* EXERCISE REQUIREMENTS
Return every line from the records below in which the word "that" is found.

* DATASET RECORDS
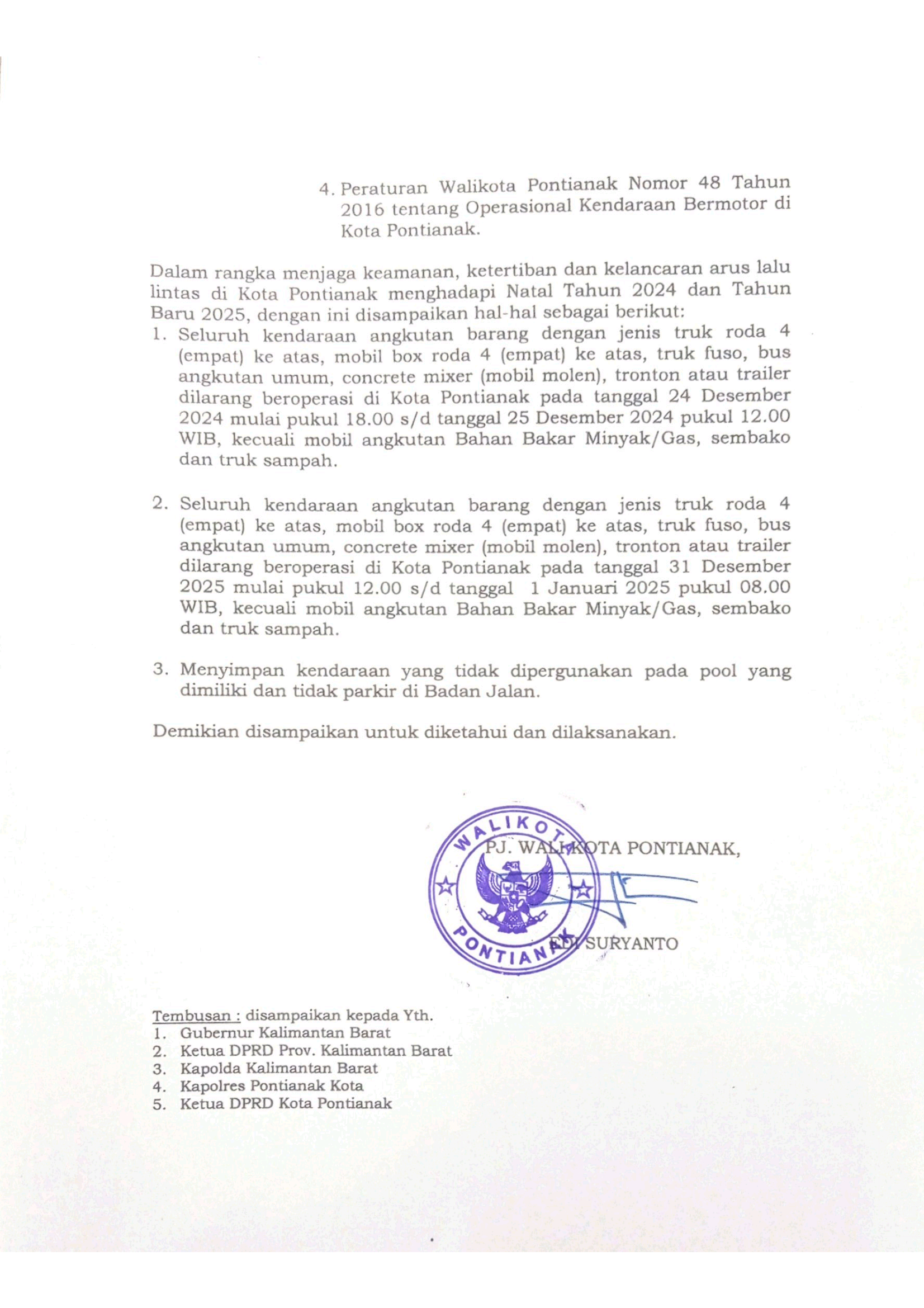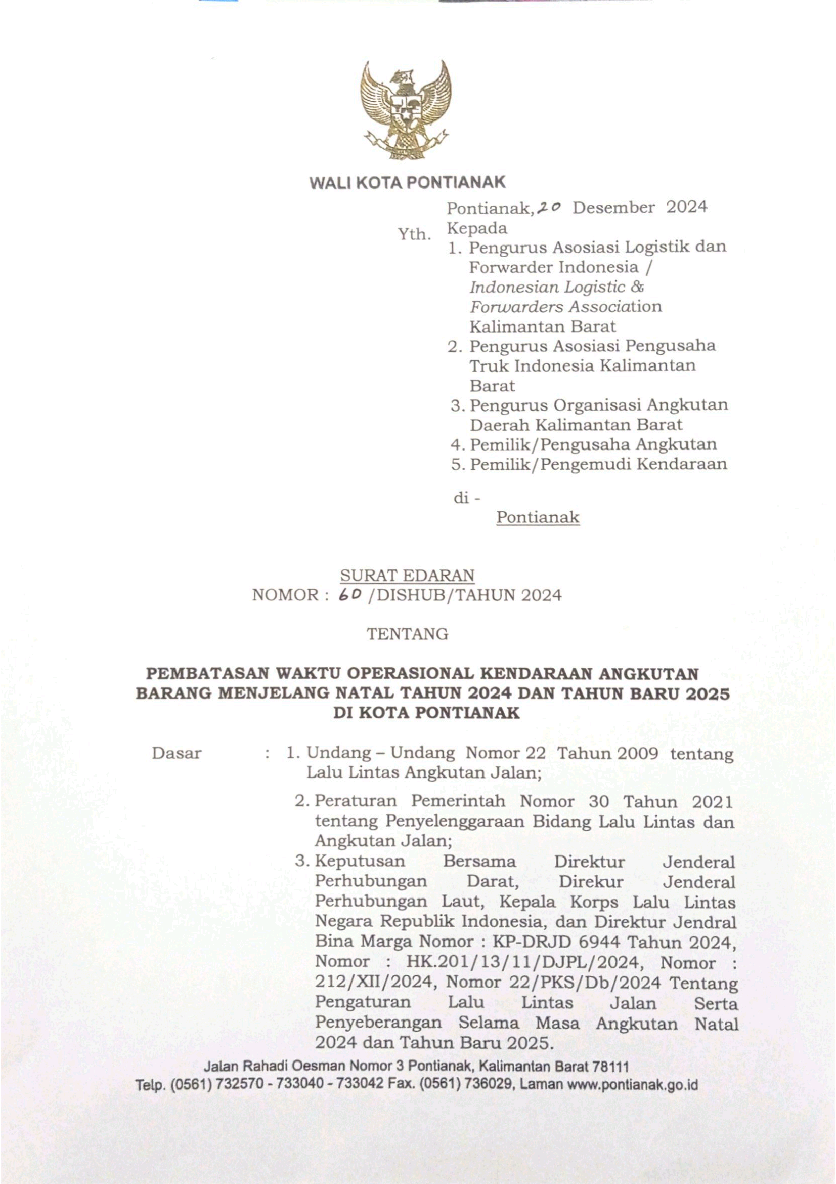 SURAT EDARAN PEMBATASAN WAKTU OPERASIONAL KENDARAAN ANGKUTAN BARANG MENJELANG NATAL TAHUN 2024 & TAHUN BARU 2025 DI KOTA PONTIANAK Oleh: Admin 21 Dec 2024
...
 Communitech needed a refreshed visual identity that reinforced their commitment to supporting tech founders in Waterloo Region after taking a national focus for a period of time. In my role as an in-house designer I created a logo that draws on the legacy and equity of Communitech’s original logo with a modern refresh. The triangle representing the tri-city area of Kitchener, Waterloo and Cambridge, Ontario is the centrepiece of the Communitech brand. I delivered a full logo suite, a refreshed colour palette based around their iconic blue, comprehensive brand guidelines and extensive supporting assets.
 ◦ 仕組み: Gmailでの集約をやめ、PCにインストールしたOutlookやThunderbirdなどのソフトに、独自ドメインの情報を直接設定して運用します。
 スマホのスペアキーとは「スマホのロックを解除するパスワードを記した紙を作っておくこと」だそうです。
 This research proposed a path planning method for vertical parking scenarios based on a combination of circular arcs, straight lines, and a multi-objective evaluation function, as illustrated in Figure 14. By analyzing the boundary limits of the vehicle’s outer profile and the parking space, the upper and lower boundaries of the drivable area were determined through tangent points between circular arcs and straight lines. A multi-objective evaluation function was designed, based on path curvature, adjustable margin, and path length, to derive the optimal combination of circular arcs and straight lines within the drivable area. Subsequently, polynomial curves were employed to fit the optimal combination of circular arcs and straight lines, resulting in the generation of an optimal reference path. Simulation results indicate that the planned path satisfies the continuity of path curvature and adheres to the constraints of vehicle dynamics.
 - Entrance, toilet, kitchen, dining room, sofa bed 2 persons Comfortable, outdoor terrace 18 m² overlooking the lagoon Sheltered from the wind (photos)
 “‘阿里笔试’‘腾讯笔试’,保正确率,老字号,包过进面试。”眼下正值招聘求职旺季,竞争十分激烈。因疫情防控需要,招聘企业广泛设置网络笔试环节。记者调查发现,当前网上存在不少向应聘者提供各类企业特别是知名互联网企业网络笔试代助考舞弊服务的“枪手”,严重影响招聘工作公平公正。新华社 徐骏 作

* ANSWER BOX
 Communitech needed a refreshed visual identity that reinforced their commitment to supporting tech founders in Waterloo Region after taking a national focus for a period of time. In my role as an in-house designer I created a logo that draws on the legacy and equity of Communitech’s original logo with a modern refresh. The triangle representing the tri-city area of Kitchener, Waterloo and Cambridge, Ontario is the centrepiece of the Communitech brand. I delivered a full logo suite, a refreshed colour palette based around their iconic blue, comprehensive brand guidelines and extensive supporting assets.
 This research proposed a path planning method for vertical parking scenarios based on a combination of circular arcs, straight lines, and a multi-objective evaluation function, as illustrated in Figure 14. By analyzing the boundary limits of the vehicle’s outer profile and the parking space, the upper and lower boundaries of the drivable area were determined through tangent points between circular arcs and straight lines. A multi-objective evaluation function was designed, based on path curvature, adjustable margin, and path length, to derive the optimal combination of circular arcs and straight lines within the drivable area. Subsequently, polynomial curves were employed to fit the optimal combination of circular arcs and straight lines, resulting in the generation of an optimal reference path. Simulation results indicate that the planned path satisfies the continuity of path curvature and adheres to the constraints of vehicle dynamics.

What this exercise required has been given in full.